Edgewood / Candler Park is a train station in Atlanta, Georgia, on the Blue Line of the Metropolitan Atlanta Rapid Transit Authority (MARTA) rail system. Currently, the station also serves as the terminus of the Green Line on weekdays. On weekends, Green Line service instead terminates two stops to the west at King Memorial. The station opened on June 30, 1979.

This station was proposed to be the final connecting point between the Eastbound Train (now known as Blue Line) and Proctor Creek Lines (now Green Line) before it shifted toward North Central DeKalb.
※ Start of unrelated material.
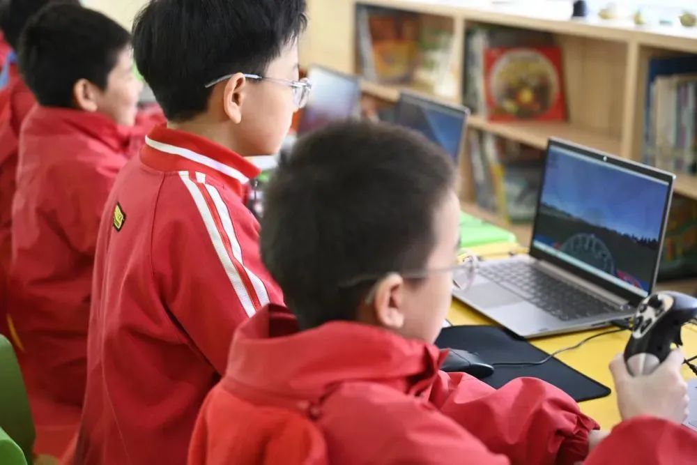 學(xué)生在使用終端設(shè)備與老師互動。新華社記者 周華 攝

Two stations for that area were planned: Emory and Druid Hills, respectively, before they were ultimately canceled. An additional station was planned on the Green Line to end at Perry Homes on the Western side, but ultimately, only Bankhead was built. The station was built to handle the separation of the rail lines and to handle people transferring between trains.
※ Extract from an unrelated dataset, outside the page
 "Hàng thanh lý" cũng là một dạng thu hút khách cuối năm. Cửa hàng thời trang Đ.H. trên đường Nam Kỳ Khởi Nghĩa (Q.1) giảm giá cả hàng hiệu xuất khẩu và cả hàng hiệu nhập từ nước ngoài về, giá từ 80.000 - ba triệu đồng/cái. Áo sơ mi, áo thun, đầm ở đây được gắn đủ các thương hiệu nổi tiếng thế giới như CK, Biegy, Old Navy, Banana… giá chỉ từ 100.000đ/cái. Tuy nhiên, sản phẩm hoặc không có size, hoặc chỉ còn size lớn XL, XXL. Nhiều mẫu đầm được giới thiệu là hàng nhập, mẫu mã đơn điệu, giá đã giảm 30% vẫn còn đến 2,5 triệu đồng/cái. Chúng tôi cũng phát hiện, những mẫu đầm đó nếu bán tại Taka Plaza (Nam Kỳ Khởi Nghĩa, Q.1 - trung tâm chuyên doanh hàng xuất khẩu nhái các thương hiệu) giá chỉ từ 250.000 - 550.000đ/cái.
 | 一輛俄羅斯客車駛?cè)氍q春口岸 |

It mainly serves the communities of Edgewood, Kirkwood, and Candler Park. Bus service is provided to Villages of East Lake, Edgewood Retail District, Ponce City Market, Little Five Points and Downtown Kirkwood

Station layout

Bus routes at this station
The station is served by the following MARTA bus routes:

South Bus Bays
 Route 24 - McAfee / Hosea Williams Drive
 Route 102 - North Avenue / Little Five Points

Nearby landmarks & destinations
Candler Park neighborhood
Edgewood neighborhood

References

External links 

MARTA Station Page
nycsubway.org Atlanta page
 DeKalb Avenue entrance from Google Maps Street View

Blue Line (MARTA)
Green Line (MARTA)
Metropolitan Atlanta Rapid Transit Authority stations
Railway stations in DeKalb County, Georgia
Railway stations in the United States opened in 1979
Railway stations in Atlanta
1979 establishments in Georgia (U.S. state)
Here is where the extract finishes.